14 February 2013

Namibia: Millions Allegedly Missing from NABTA

More than N$2 million is allegedly unaccounted for from the coffers of the faction-riven Namibia Bus and Taxi Association (Nabta), according to its national secretary, Vespa Muunda.

According to Muunda, all fingers are pointing at its former administrator, Uapingene Karuaera. Muunda is adamant that Nabta has been left in a state of disarray after Karuaera left following a fallout with some members of the executive of the beleaguered bus and taxi organization.

Karuaera and some others have since formed the rival Namibia Public Passenger Transport Association (NPPTA). He also apportioned some of the blame to former Nabta vice-president, Innocent Simasiku and the incumbent president Magnus Nangombe for the alleged misappropriation of funds.

"They have to be implicated in the mismanagement [of funds]," added the outspoken Muunda, saying that after they carried out a check of all records in the office, they came to the realization that money was missing. Muunda said they will soon engage the services of auditors to determine the exact amount that is at stake.

Karauera however dismissed Muunda's allegations, saying that if they were in fact true, then Muunda ought to have taken the matter to court already. He said it is ironic that Muunda and company who were the ones who refused to pay membership fees or contribute to the hosting of the 2005 congress in Otjiwarongo, should make such an allegation.

"They are in dreamland. Go to court and open a case, then it would be proper to address this matter," Karuaera fired back, adding that he was prepared at any time to defend his good name and to tell exactly what transpired. Simasiku was equally dismissive of the allegation calling it a lie.

"Those guys should stop spreading lies," he said. According to him the so-called missing N$2 million comes as news to him, since there was no money coming into the association's Nedbank account, except for the money collected by loading masters.

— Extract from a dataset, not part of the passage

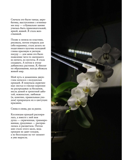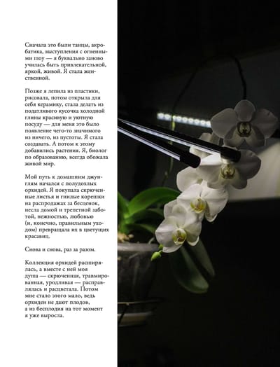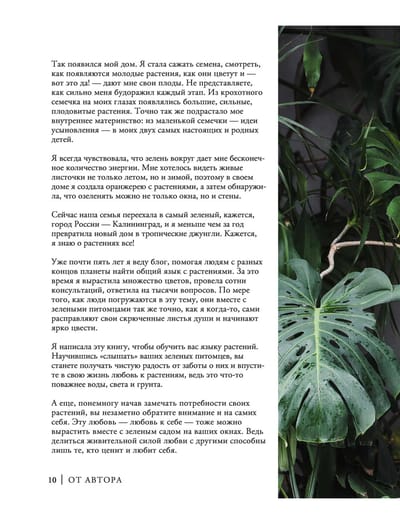 Екатерина Кузнецова @spottykit — популярный блогер, биолог, автор обучающих программ по уходу за комнатными растениями. Большую часть своей жизни она занимается домашним озеленением и помогает людям создавать уют и красоту в доме с помощью растений. Мы к этому давно привыкли, но вот неприятный факт о наших жилищах: в них очень плохое освещение, ведь солнцу приходится пробиваться сквозь соседние дома, козырьки, балконы или деревья. Все растения, которые оказываются у нас дома, становятся «растущими в темноте». Но это не приговор: природа прекрасна и многогранна, главное — знать, как к ней подступиться! Понемногу начав замечать потребности своих растений, вы незаметно обратите внимание и на самих себя. Эту любовь — любовь к себе — тоже можно вырастить вместе с зеленым садом на ваших окнах. Ведь делиться живительной силой любви с другими способны лишь те, кто ценит и любит себя. А еще, кажется, никто не умеет быть таким благодарным, как комнатные растения в наших горшках. И я научу вас слышать, о чем они с вами говорят. Здесь вы найдете не только ответы на свои вопросы, но и практические советы, как максимально использовать ограниченный свет, а также 30 подробных профайлов комнатных растений, приспособленных к условиям низкой освещенности. Эта книга сделает для вас уход за растениями понятным, чтобы однажды вы смогли озеленить свой дом самыми необычными представителями флоры нашей зеленой планеты.

Just a few weeks back Nabta was stripped of its status as an employer organization after it became apparent that the association failed on several occasions to submit documents of its annual returns and constitution to the Labour Commission.

According to the commission's Fabiola Katjivena, Nabta was asked time and again to present its financials and company constitution, but failed to respond to the requests, which eventually led to its suspension.

However, she was quick to point out that it does not mean that the association could not operate as an organization or company, which she added was something only the Ministry of Trade and Industry or the Ministry of Works and Transport could decide on.

The Deputy Minister of Works and Transport, Kilus Nguvauva, confirmed to New Era that he met some members of Nabta, but sent the entourage to the Labour Commission to verify the organization's constitution since it differed from the one the members presented to the Labour Commissioner.

Muunda claims Karuaera gave the Labour Commission an altered constitution without communicating with the executive of the association. He also charges that Nabta's original constitution was stolen and as a result the association cannot open a bank account since one of the requirements of banks is that they provide one.

But Karuaera shot back this week, saying the Nabta constitution was amended at the 2005 congress where everyone was present.

He said that when they took the constitution to the Labour Commission, they were advised to amend certain sections to include regions, a preamble and to indicate the financial year-end.

Karuaera said Nabta was not in a position to make decisions as their term of office already expired in 2010. "They are not even supposed to be in that office (at Rhino Park)," said the former Nabta office administrator. He said that the confrontation his organization had with Nabta could have been avoided, had they known that Nabta "does not exist" according to the records of the Labour Commission.

Nabta president Nangombe could not be reached at the time of going to press.